“I am inclined to think that the first experience of the Martini-Henrys will be such a surprise to the Zulus that they will not be formidable after the first effort.” Lord Chelmsford. 23 November 1878.
The outcome of the battle of Isandlwana, which took place on 22 January 1879 and resulted in the deaths of 1357 British and Colonial troops, shocked the “civilized” world. The British enjoyed overwhelming fire superiority – rifles, cannon and rockets, against spears. This meant that the Zulus had to close to about 30 yards before they could do much damage, whereas the British could kill them at far longer ranges.
Isandlwana Hill (Talana Museum)
The standard British-issue rifle used at the battle was the Martini-Henry. This was a falling block, single shot breech loading rifle, which was a vast improvement from the old muzzle-loaders and even Snider conversions previously in use.
The forerunner of the Martini-Henry was the Peabody rifle, invented by Henry O. Peabody of Boston in 1862. The breech block was hinged at the rear and, when the lever beneath the stock was operated, moved so that the front of the block fell clear of the chamber, allowing space for a round to be slid over the block and into the breech. The weapon had an external hammer which had to be cocked manually, striking a firing pin in the breech-block when the trigger was pulled.
Henry O. Peabody (Candice Perry)
In Switzerland the Peabody system was modified by Frederick von Martini, who did away with the external hammer, allowing the weapon to be cocked automatically when the breech was opened. He also fitted an internal firing pin and spring inside the breech-block. This weapon was known as the Peabody-Martini, but the design was short-lived.
Friedrich von Martini (via Wikipedia)
The next step in the evolution of the rifle occurred when the British adopted the Martini action in April 1871, and allied it to a barrel rifling system designed by Alexander Henry of Edinburgh. The Henry system used a 7-groove polygonal rifling with one twist in 22 inches. A rifled barrel has a system of lands and grooves. The cartridge designation (,577/,450) refers to the distance between the grooves and lands respectively.
I have personally been lucky enough to shoot the Martini-Henry many hundreds of times. Our District Commissioner’s strong rooms in Rhodesia were always well stocked with old BSA Company weapons, as well as those held for safekeeping and from deceased estates. The rifle is a trifle heavy at just over 12 pounds, but well balanced, and points and shoots well. Although never exposed to sustained firing such as happened at Rorke’s Drift, for example, I have never experienced the reportedly savage recoil of the rifle; neither did I ever have a stoppage.
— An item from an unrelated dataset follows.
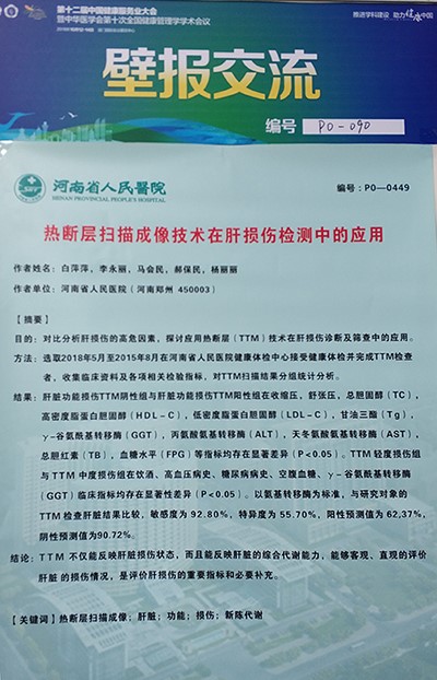 大會壁報展示了河南省人民醫(yī)院的《熱斷層掃描成像技術(shù)在肝損傷檢測中的應(yīng)用》學術(shù)論文,文章對比分析了肝損傷的高危因素,探討應(yīng)用熱斷層(TTM)技術(shù)在肝損傷診斷及篩查中的應(yīng)用,結(jié)論表明TTM不僅能反應(yīng)肝損傷狀態(tài),而且能反應(yīng)肝臟的綜合代謝能力,能夠客觀、直觀的評價肝臟的損傷情況,是評價肝損傷的重要指標和必要補充。

In short, from personal experience, it’s a great rifle to shoot.
Alexander Henry portrait in the Museum of Edinburgh (via Wikipedia)
Most markings were situated on the right side of the lock plate, consisting of the VRC monogram, the word “Enfield”, the date of manufacture and the Mark of the weapon – I, II, III or IV. Multitudinous markings are sometimes found on the butt.
The Martini-Henry was designed for a Short Chamber Boxer-Henry ,577/,450 cartridge. Designed by Colonel Edward Mournier Boxer of the Woolwich Royal Arsenal in Kent, the cases were originally manufactured from thin sheets of brass coiled around a mandrel, which were then soldered onto an iron base. The case was designed to expand to fill the chamber on firing to form a seal and contracted slightly after firing to allow the empty case to be more easily extracted.
The coiled brass cases tended to be somewhat flimsy and extraction problems were known to occur. If the barrel was fouled or the cartridge extracted too violently, there were instances when the extractor claw tore the base off the remainder of the cartridge, causing fragments of the cartridge to remain in the chamber and barrel, thus creating a stoppage which had to be cleared before the next round could be loaded. This problem was later solved by manufacturing the cartridges from rolled brass, which were sturdier and did away with the soldered-on iron base.
Cartridges were initially filled with 85 grains of Curtis and Harvey Number 6 Black Powder and later with 85 grains of RFG 2 (Rifled, Fine Grain Number 2) powder. A 480 grain lead bullet was used, with a 3 mm beeswax wad behind it with a wood filler. The bullet doodled along at about 1300 feet/second. That notwithstanding, it had massive stopping power, especially if it hit bone.
Ballistically, the rifle had a theoretical maximum range of 1900 yards. Having shot Bisley in my time, a man-sized target is minute at only 800 yards, so even at that range the chances of a hit are remote. Ian Knight states that the maximum effective range was around 400 yards.
Mainly because the black powder propellant was relatively inefficient, the weapon had a bullet-drop of about 40 inches at 200 yards. It was therefore essential to know the exact range where the enemy was located, otherwise the bullet would literally “miss by a mile”. The placement of range markers was therefore one of the first tasks undertaken when taking up a defensive position.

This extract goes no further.